# WORK TO COMPLETE
The printed result should hold only the lines from the opening of the data through the line bearing "Houses with Laundry", exactly as given and without pictures.

** SOURCE DATA follows **

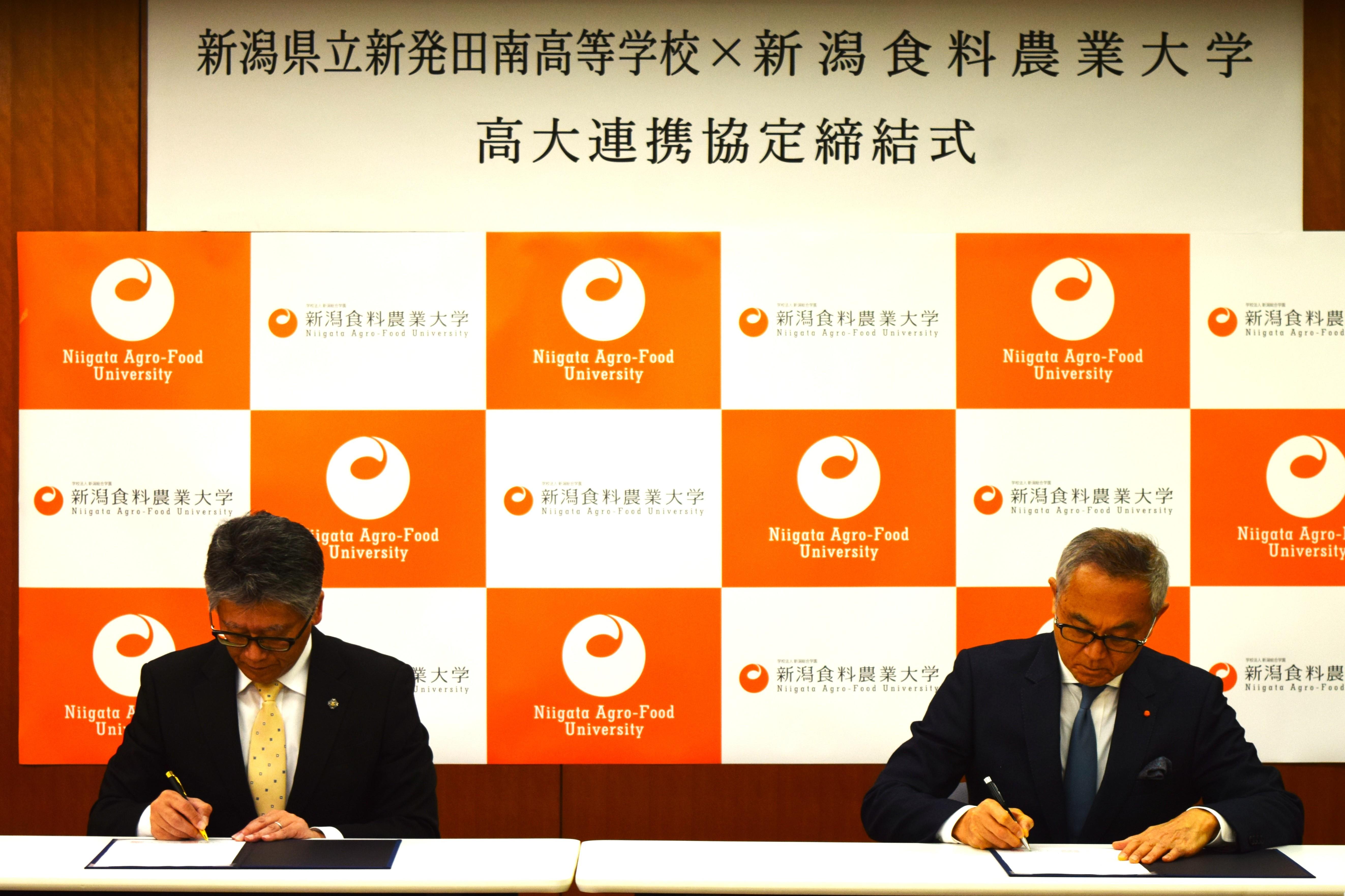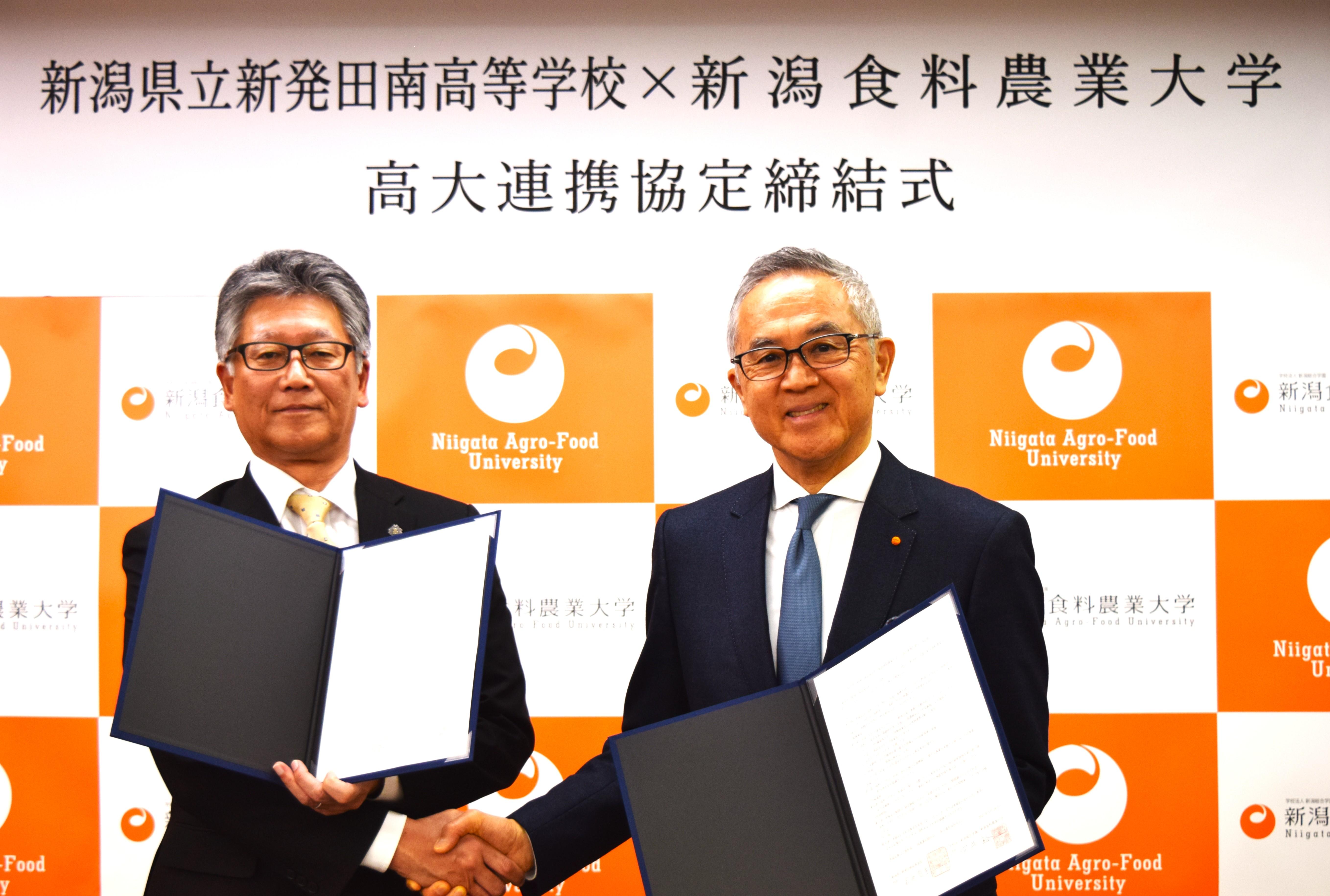 新潟食料農業大学は、双方の教育の質向上と地域社会への貢献を目的に、新潟県立新発田南高等学校と3月28日(金)に高大連携協定を締結いたしました。
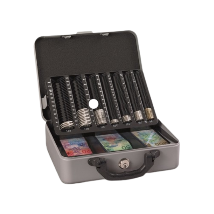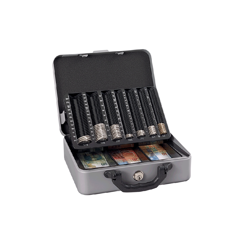 Inneneinrichtung: Herausnehmbarer Münz-Zähleinsatz, 3-teiliges Notenfach im Boden, Moneta-Einzelmünzrillen
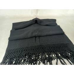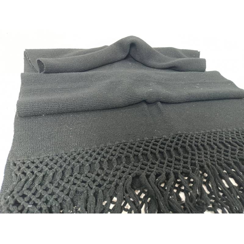 Antiguo tapabocas negro, de lana. Con fleco en dos lados.
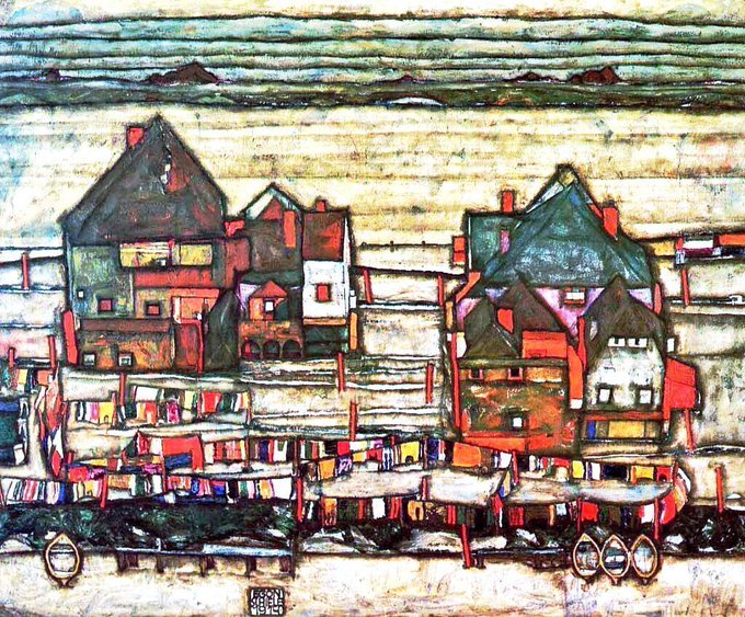Houses with Laundry (1914), Man & Woman (1914), Portrait of Friederike Maria Beer (1914) & Self-Portrait (1914)
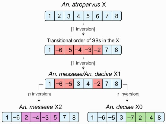 Background/Objectives: Chromosomal inversions play an important role in the evolution of insects by forming genetic barriers between closely related species and facilitating local adaptation. Polymorphic inversions in malaria mosquitoes of the Maculipennis subgroup have been studied for over 50 years, yet the evolutionary ancestry of the gene orders remains unknown. In this study, we mapped the genes flanking the breakpoints of two polymorphic X-chromosome inversions in the cryptic species Anopheles messeae and Anopheles daciae of the Maculipennis subgroup. Methods: We used an iterative mapping approach to define the breakpoint regions, selecting flanking markers based on the genome assembly of the reference species, Anopheles atroparvus. To identify the ancestral X chromosomal arrangement in An. messeae and An. daciae, we developed and implemented the genomic inversion calculator (GIC), which uses greedy heuristics to determine the shortest evolutionary scenario of rearrangements. Results: Our knowledge of the relative genomic positions of the inversion breakpoints in An. daciae and An. messeae enabled us to use the An. atroparvus genome as an outgroup and the GIC tool to show that the X0 and X2 arrangements emerged independently along the evolutionary lineages of An. daciae and An. messeae, respectively, based on the X1 arrangement. Conclusions: These results refine the structure and boundaries of the X chromosome rearrangements and reconstruct the sequence of evolutionary events in the cryptic complex An. messeae–An. daciae, demonstrating that the X1 arrangement is ancestral. This study lays the groundwork for analyzing the molecular organization of breakpoints, the mechanisms of inversion formation, and their role in speciation.
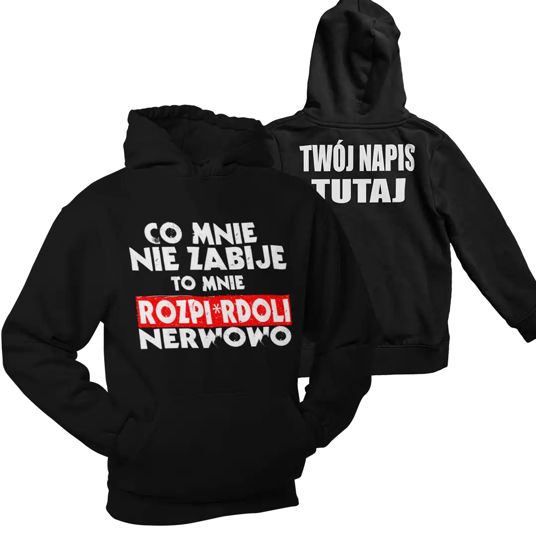 Bluza dla rolnika „ co mnie nie zabije to mnie rozp*erdoli nerwowo”+ możliwy własny napis/nazwa gospodarstwa/imię na plecach za dopłatą. By dodać własny napis wpisz go w polu wyżej i zaznacz opcję własny napis na plecach na tak 🙂.
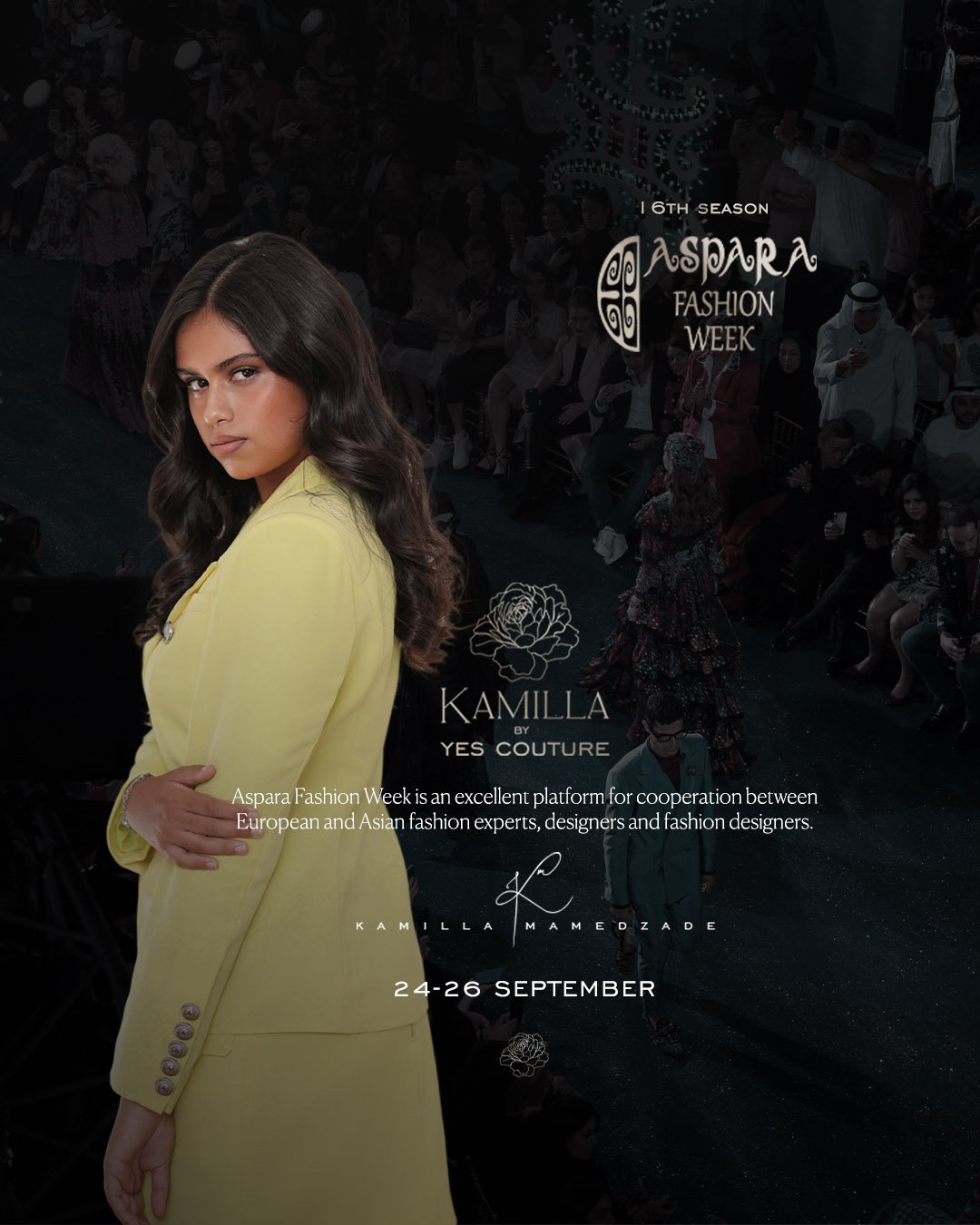 Young talented Azerbaijani fashion designer Kamila Mammadzade will perform on the digital catwalk with her brand Kamila by Yes Couture at the 16th season of ASPARA Fashion Week, which will be held online in Taraz, Kazakhstan, from September 23 to 25.

** End of SOURCE DATA **

# SOLUTION
 新潟食料農業大学は、双方の教育の質向上と地域社会への貢献を目的に、新潟県立新発田南高等学校と3月28日(金)に高大連携協定を締結いたしました。
 Inneneinrichtung: Herausnehmbarer Münz-Zähleinsatz, 3-teiliges Notenfach im Boden, Moneta-Einzelmünzrillen
 Antiguo tapabocas negro, de lana. Con fleco en dos lados.
Houses with Laundry (1914), Man & Woman (1914), Portrait of Friederike Maria Beer (1914) & Self-Portrait (1914)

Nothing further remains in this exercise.